If the warrants of series 2023/2026 are exercised in full, the share capital will increase by 8,400.20 SEK.
Dilution and costs etc.
The maximum dilution for current shareholders resulting from Share Saving Program 2023/2026 is 1.25 percent of the total number of outstanding shares in the Company. Dilution has been calculated as the number of additional shares in relation to current number of outstanding shares plus additional shares.
The performance shares will be accounted as a personnel cost during the performance period, without affecting the Company’s cash flow. If performance shares are exercised, Share Saving Program 2023/2026 will in addition to above entail social security contributions. The total costs of social security contributions will in part depend on the employee’s employment conditions, in part of how many performance shares that has been granted and vested, and in part of the value of the benefit that the participants obtain, i.e., the value of the performance shares at exercise in 2026 or 2027. Social security contributions will be accounted on the income statement during the performance period.
Based on the assumptions that all performance shares under Share Saving Program 2023/2026 is granted and vested, a share price of 160 SEK at the time of allotment of the performance shares and an average percentage for social security contributions of 31.42 percent, the total costs for the program including social security contributions, is expected to amount to approx. 20.3 million SEK, which corresponds to approx. 13 percent of the Company’s total yearly employee costs (including social security contributions) calculated based on estimated employee costs for the financial year 2022.

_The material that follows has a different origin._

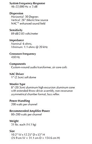 WOOFER TYPE 8″ (20.3cm) high excursion, high rigidity cone with extended throw driver assembly, non-resonance asymmetrical chamber format; bass reflex
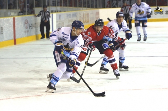 안양 한라가 골리 '한라성' 맷 달튼의 33세이브 선방과 2분 동안 3골을 뽑아내는 집중력을 발휘해 오지 이글스에 4-2로 승리했다.

Preparation of the proposal
The proposal has been prepared by the board in collaboration with external advisors.
Majority requirements
The board’s proposal to implement Share Saving Program 2023/2026 in accordance with item (A) and approval of issue and transfer of warrants to participants in Share Savings Program 2023/2026 in accordance with item (B) above shall be considered as an overall proposal and shall be decided as one decision. For a valid decision under item A and B requires support by nine tenths (9/10) of both the voted cast and the shares represented at the annual general meeting.
Item 14 – Proposed resolution on an authorisation for the Board of Directors to resolve upon issues of shares etc.
The Board of Directors has proposed that the Annual General Meeting authorises the Board to, within the limits for shares and share capital which apply at all times under the Company’s articles of association, on one or several occasions during the period until the next Annual General Meeting, resolve upon the issue of shares, warrants and/or convertibles with or without preferential rights for the shareholders, where the total number of new shares may not correspond to more than twenty-five (25) per cent of the total number of outstanding shares in the Company at the time of the Annual General Meeting 2023. Such resolution may include conditions on payment in kind, by way of set-off or in cash.
The purpose of the authorisation and any potential deviation from the shareholders’ preferential rights is that it shall be possible to execute issues in a time-efficient manner in order to finance acquisitions of businesses or investments in new or current operations, as well as to satisfy the Company’s capital requirements and to increase the Company’s financial flexibility.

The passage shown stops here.